> **What to produce**
Return exactly the lines from the "- Public debt" line through the last line of the entries below. Include no pictures.

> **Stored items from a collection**
+ + + + + + +
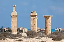 It's disputed which name was used for the port city back in the day, and therefore it's sometimes referred to as the archaeological site at Marina el-Alamein. Greek geographer Strapo, working before and after Christ, described places along the coast and both the descriptions of Leukaspis and Antiphrai would fit the current site.
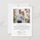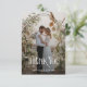 Tarjeta de agradecimiento de boda moderna y elegante. Diseño característico foto, escritura tipográfica superposición gracias en letras blancas, nombres, fecha boda en el frente. Personalice más con su mensaje y otra foto en la parte posterior.
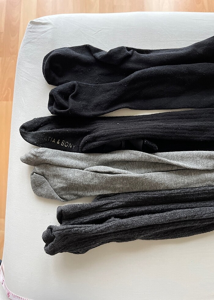 4 çift, yeniden farksız. Katia&Bony ve Penti den alınmış pamuklu çoraplar, 4-5 yaş için uygun. 2 tane siyah, biri açık gri, diğeri koyu gri desenli. Katia nın bileğinde kurdelesi var
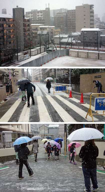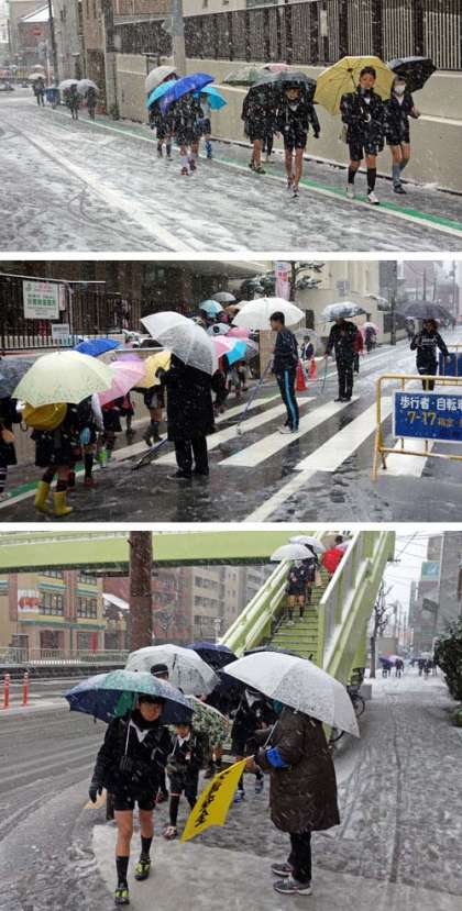 大阪は朝から大雪です。道路に雪&シャーベットがべったりと積もっていて、このままでは危険、7時半頃から管理作業員さんや教頭先生、他教職員が校門前で除雪作業をし、登校時間は安全サポートをしました。
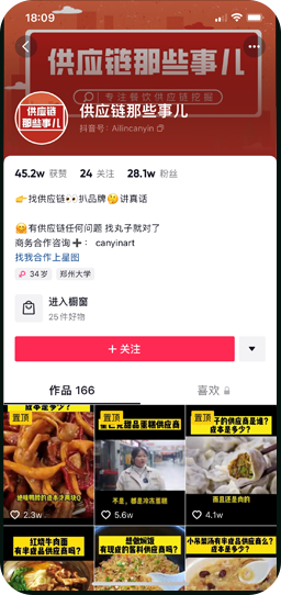 负责运营的抖音账号“供应链那些事儿”,6个月账号粉丝量达到27.9W,收获了45W赞,单个视频播放量超过500W。通过一个视频可向商家提供上百条线索,单个视频带货量可超过上千单,后台日咨询量不低于百条。通过供应链那些事儿的账号,可为供应链商家增加品牌曝光和销量,同时向餐饮行业的粉丝提供优质餐饮供应链的信息,覆盖了整个餐饮行业。
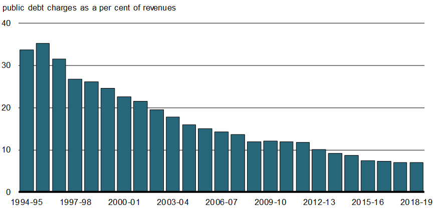 - Public debt charges amounted to per cent of expenses in 2018–This is down from a peak of nearly 30 per cent in the mid-1990s.
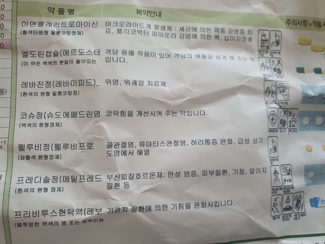 현재 복용 중인 감기약을 살펴보면, 항생제(이연클래드로마이신), 거담제(엘도트렐캡슐), 위장약(레바진정), 진해거담제(코슈정), 진통소염제(펠루비정), 스테로이드(프레디솔정), 그리고 기침약(프리비투스현탁액)을 포함하고 있습니다.
+ + + + + + +
> **Exercise answer**
 - Public debt charges amounted to per cent of expenses in 2018–This is down from a peak of nearly 30 per cent in the mid-1990s.
 현재 복용 중인 감기약을 살펴보면, 항생제(이연클래드로마이신), 거담제(엘도트렐캡슐), 위장약(레바진정), 진해거담제(코슈정), 진통소염제(펠루비정), 스테로이드(프레디솔정), 그리고 기침약(프리비투스현탁액)을 포함하고 있습니다.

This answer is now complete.